The 17th goal is ‘partnerships’. Here is the solution to the dilemma Stiglitz alludes to—about too many measurements in the SDGs. Every community—a country, or a state, a city, or a village—is a system. The stakeholders within each system must map the relevant conditions in the system of which they are a part. They must understand the interactions among these forces, and see what actions they could take to improve their condition. Communities themselves can be the greatest beneficiaries of Randomised Control Trials conducted at community levels for which Banerjee, Duflo, and Kramer have been recognized. The trials provide insights that can empower communities. With a better understanding of what matters, they can negotiate with the larger system around them, and with the governance system above them, for what they really need.

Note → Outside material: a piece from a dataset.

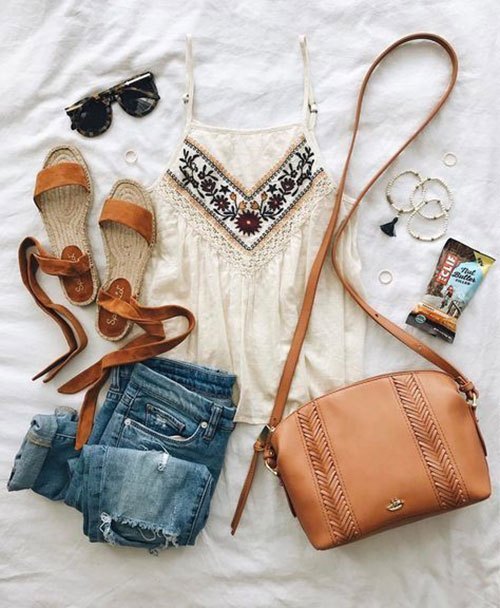รองเท้าแตะที่ทำจากหนังช่วยให้เราดูไม่เซอร์เกินไป เสื้อยืดขาว ขาสั้นเนื้อเบาๆ สีสันสดใส กับกระเป๋าสานให้ความรู้สึกเหมือนไปทะเล
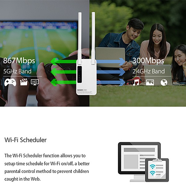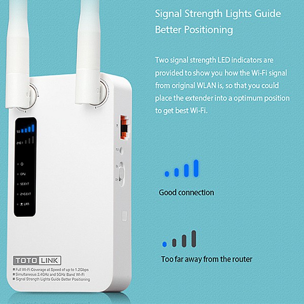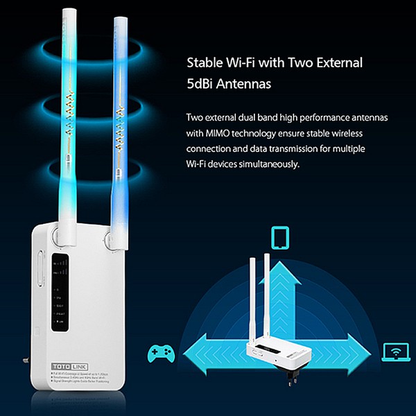 Totolink High Power EX1200M 2x5dBi AC1200 Mimo Wireless Wifi Range Extender/Repeater/AP Mode

A moral question for economists is, who do they serve? Stiglitz says that ‘well-being’ is subjective. It is difficult to understand objectively and to quantify. Are people objects, and merely data for scientists’ equations? Or, should economists, and the policy-makers they guide with their science, listen more deeply to people to understand what really matters to them?
A final philosophical question
Economists are envious of the precision with which physicists can predict the phenomena they study. Physicists are realising there may be limits to what they can know. Heisenberg’s Principle of Uncertainty, a seminal proposition in physics, states that observations will change what is observed. Moreover, in quantum physics, it is not possible to know everything about a particle exactly. The observer can either know its position or the speed of its motion.
Policymakers design measurement systems to manage the economy. They impose a ‘form’ on the system to make it easier for them to read it. People react to the ways in which they are measured, and the system changes its form. James C. Scott gives many examples in Seeing Like a State: How Certain Schemes to Improve the Human Condition Have Failed.
France introduced the ‘window tax’ to make it easier for assessors to calculate property values. They had observed that the numbers of windows in a house correlated well with the size of the house. So, by walking around the house and counting the windows, an assessor could gauge the size of the house fairly well. He did not have to go in to measure the space.
Citizens reduced the number of windows on the houses they built to reduce their tax assessments. (Hence old French houses have fewer windows). Fewer windows resulted in poorly ventilated homes, which caused public health problems. The unintended consequence of an efficient measurement system was another problem for the state!
Physicists study inanimate matter and energy. The mind of the electron the physicist observes is different, and perhaps less complex than the mind of the physicist. To understand the behaviour of economies, which are social systems, not merely material systems, economists must understand human behaviour. The minds whose reasoning they must understand are as complex as their own.
Physician, first heal thyself, is wise counsel. The core message of both books is: economists must step out of the circle of lamplight of their own rationales and mathematical calculations. They should step out into the real world to listen to real people for whose well-being they must find better solutions.